BEGIN Given records
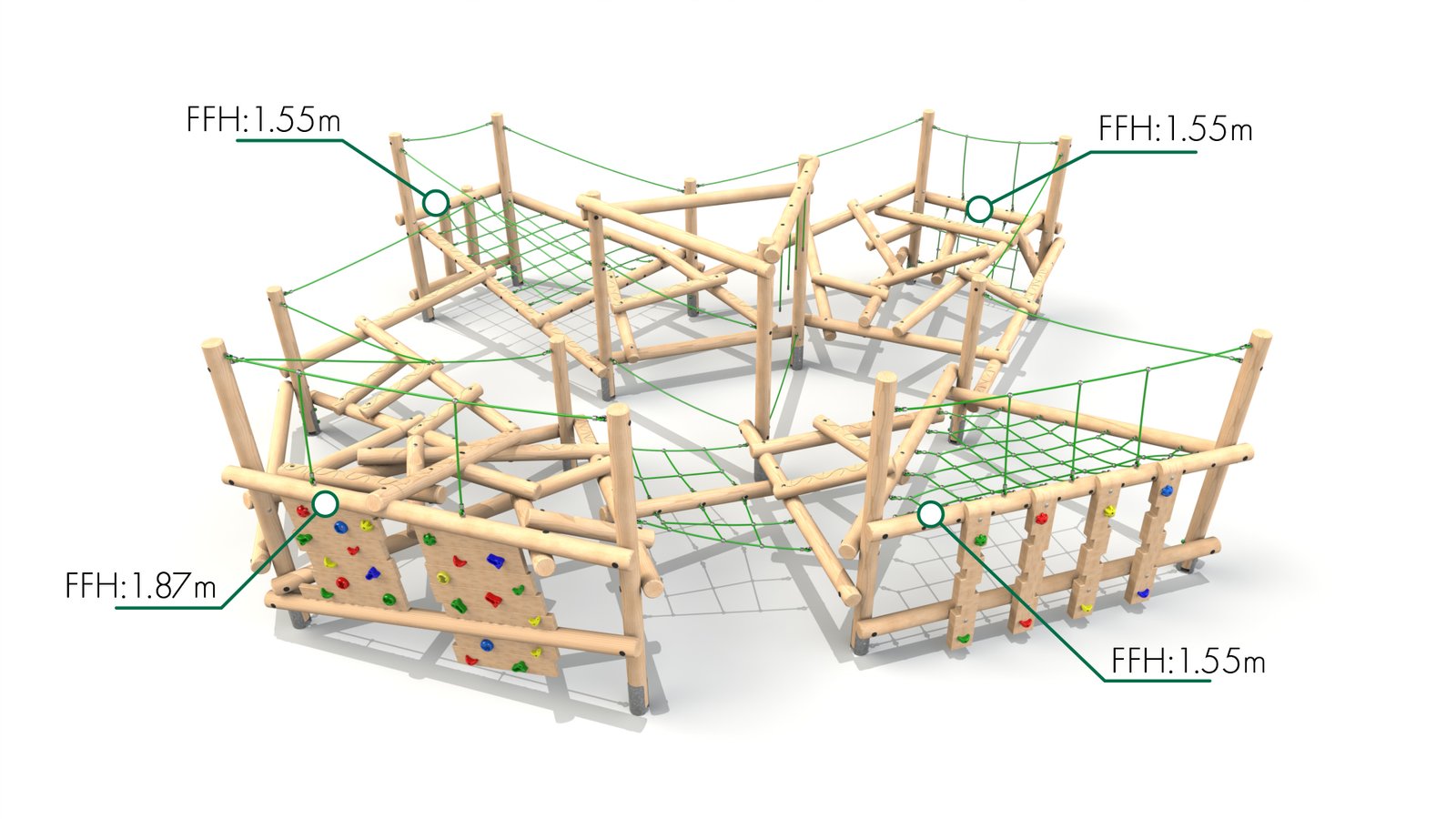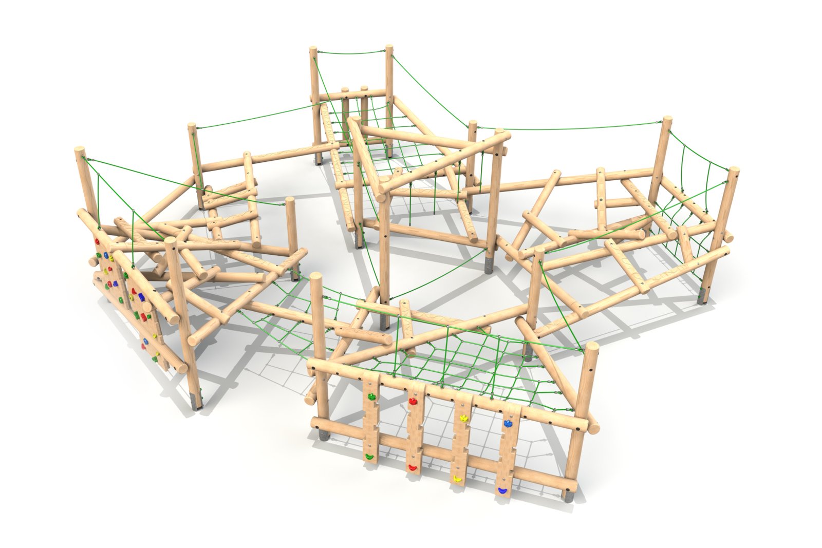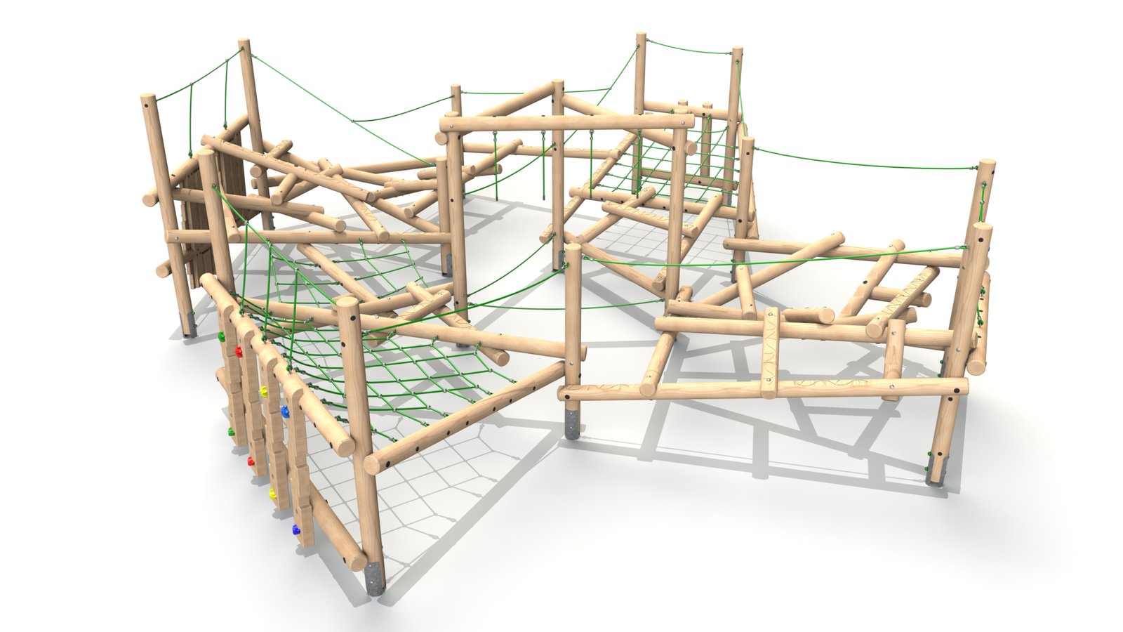 The balance beams provide an excellent challenge for children’s coordination, balance, and core strength. As they carefully walk across the beams, children improve their body awareness and focus, testing their balance in a controlled yet exciting environment. The support ropes offer extra stability, ensuring that children feel confident as they navigate the balance beams and other parts of the structure.
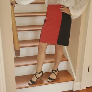 Michael Kors Blk Red Colorblock Panel Pencil Skirt
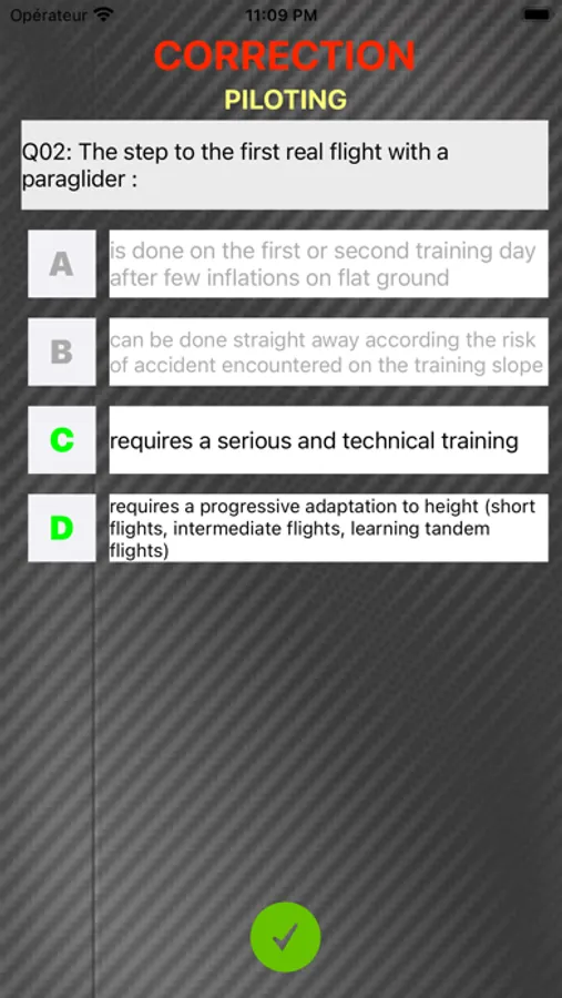 This application allows you to revise important subjects (weather, piloting, equipment, regulations, flight mechanics) to prepare your theoretical certificates of free flight (paraglider, hang glider), whether it is the initial (green level), pilot (blue level) or confirmed level (brown level) !
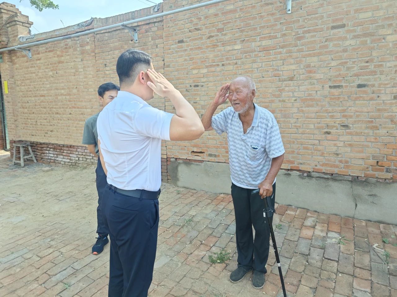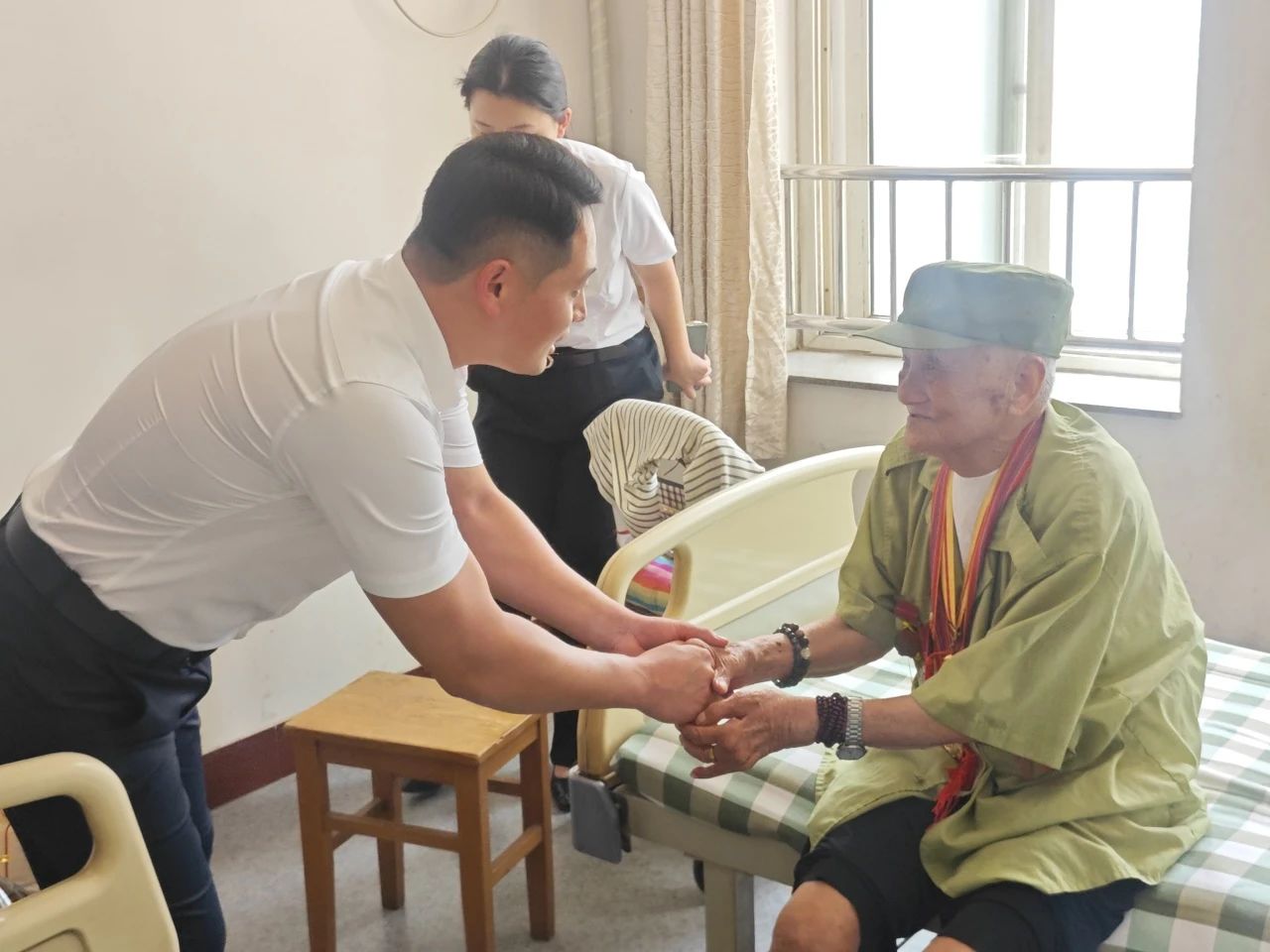 On August 1, 2025, on the occasion of the 98th anniversary of the founding of the Chinese People's Liberation Army, Chu Long, Vice Chairman and General Manager of Haijiang Group, led a team to visit and comfort veteran soldiers of the Anti-Japanese War and retired servicemen in Cangzhou urban area and its subordinate counties and districts, together with Feng Dan, Deputy Director of the Veterans Affairs Bureau, and Liu Baoguo, Section Chief. In front of the spiritual monument engraved by the years of blood and fire, the collective consensus of respecting heroes was transformed into tangible care, and the original mission of private enterprises to support the military and give preferential treatment to their families was practiced with practical actions. Paying Tribute to Veteran Soldiers: Inheriting the Red Gene through Military Support Practices Vice Chairman Chu Long visited and comforted five anti-Japanese war veterans and retired servicemen, namely Zhang Shue, Jiang Xuekong, Ju Yuhua, Ju Yuguo and Li Yuange. He asked in detail about the veterans' living needs, listened intently to the battle stories of those war-torn years, and presented consolation materials on behalf of the group.
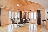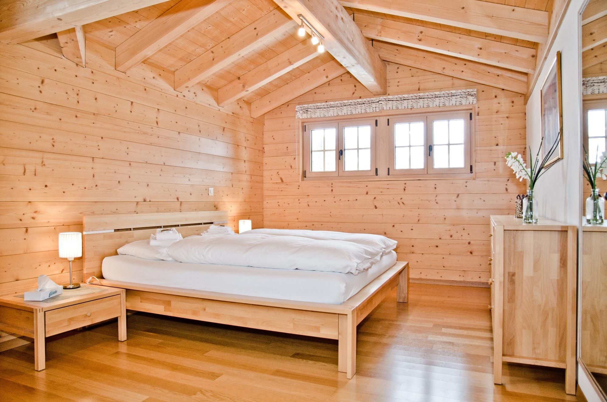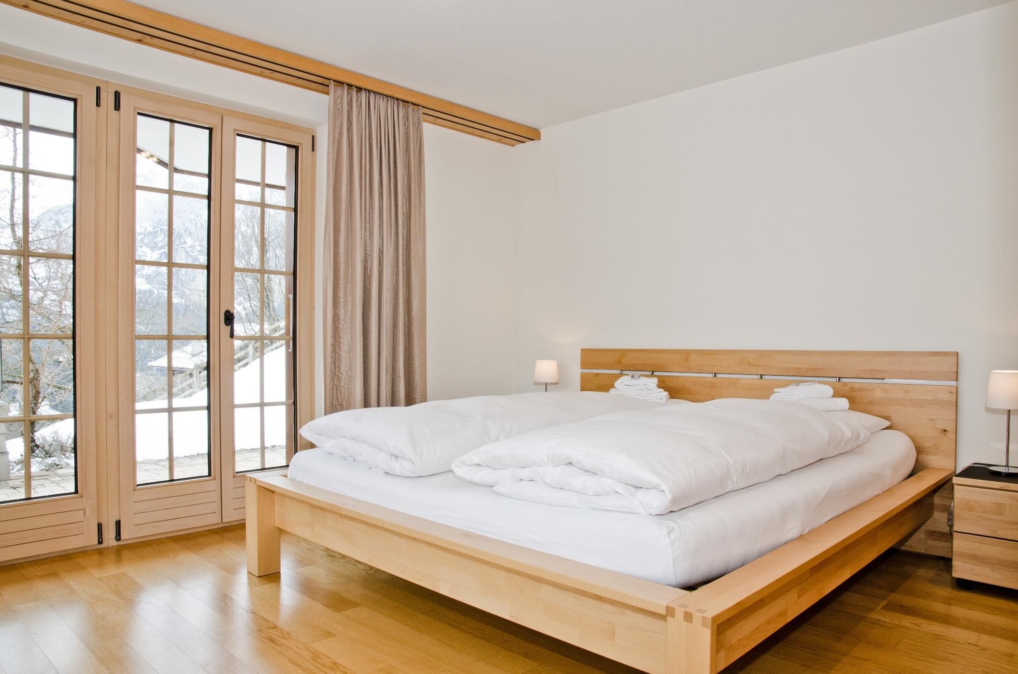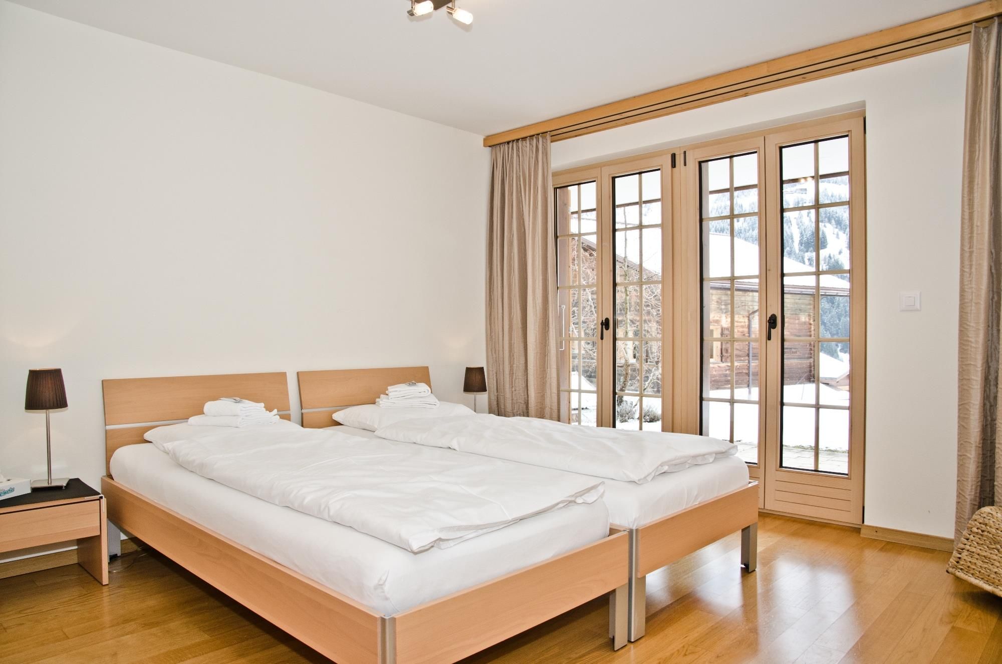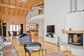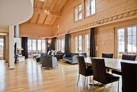 Auf 240m2 Wohnfläche bietet das grosse Chalet alles, was Sie für entspannte Ferien mit Familien und Freunden benötigen: Zwei Schlafzimmer mit Doppelbett, zwei Schlafzimmer mit je zwei Einzelbetten, drei Badezimmer mit Badewanne und WC, eine separate Dusche sowie zwei separate WC. Die moderne Küche öffnet sich zum hellen Wohn- und Essbereich mit Cheminée. Von der Terrasse und vom Balkon aus geniessen Sie einmalige Aussichten auf das Bergpanorama.
END Given records
**Work instructions:** Begin at the first line of the entries and end at the line containing "On August 1, 2025, on": write out each line exactly, skipping pictures.

**Exercise output:**
 The balance beams provide an excellent challenge for children’s coordination, balance, and core strength. As they carefully walk across the beams, children improve their body awareness and focus, testing their balance in a controlled yet exciting environment. The support ropes offer extra stability, ensuring that children feel confident as they navigate the balance beams and other parts of the structure.
 Michael Kors Blk Red Colorblock Panel Pencil Skirt
 This application allows you to revise important subjects (weather, piloting, equipment, regulations, flight mechanics) to prepare your theoretical certificates of free flight (paraglider, hang glider), whether it is the initial (green level), pilot (blue level) or confirmed level (brown level) !
 On August 1, 2025, on the occasion of the 98th anniversary of the founding of the Chinese People's Liberation Army, Chu Long, Vice Chairman and General Manager of Haijiang Group, led a team to visit and comfort veteran soldiers of the Anti-Japanese War and retired servicemen in Cangzhou urban area and its subordinate counties and districts, together with Feng Dan, Deputy Director of the Veterans Affairs Bureau, and Liu Baoguo, Section Chief. In front of the spiritual monument engraved by the years of blood and fire, the collective consensus of respecting heroes was transformed into tangible care, and the original mission of private enterprises to support the military and give preferential treatment to their families was practiced with practical actions. Paying Tribute to Veteran Soldiers: Inheriting the Red Gene through Military Support Practices Vice Chairman Chu Long visited and comforted five anti-Japanese war veterans and retired servicemen, namely Zhang Shue, Jiang Xuekong, Ju Yuhua, Ju Yuguo and Li Yuange. He asked in detail about the veterans' living needs, listened intently to the battle stories of those war-torn years, and presented consolation materials on behalf of the group.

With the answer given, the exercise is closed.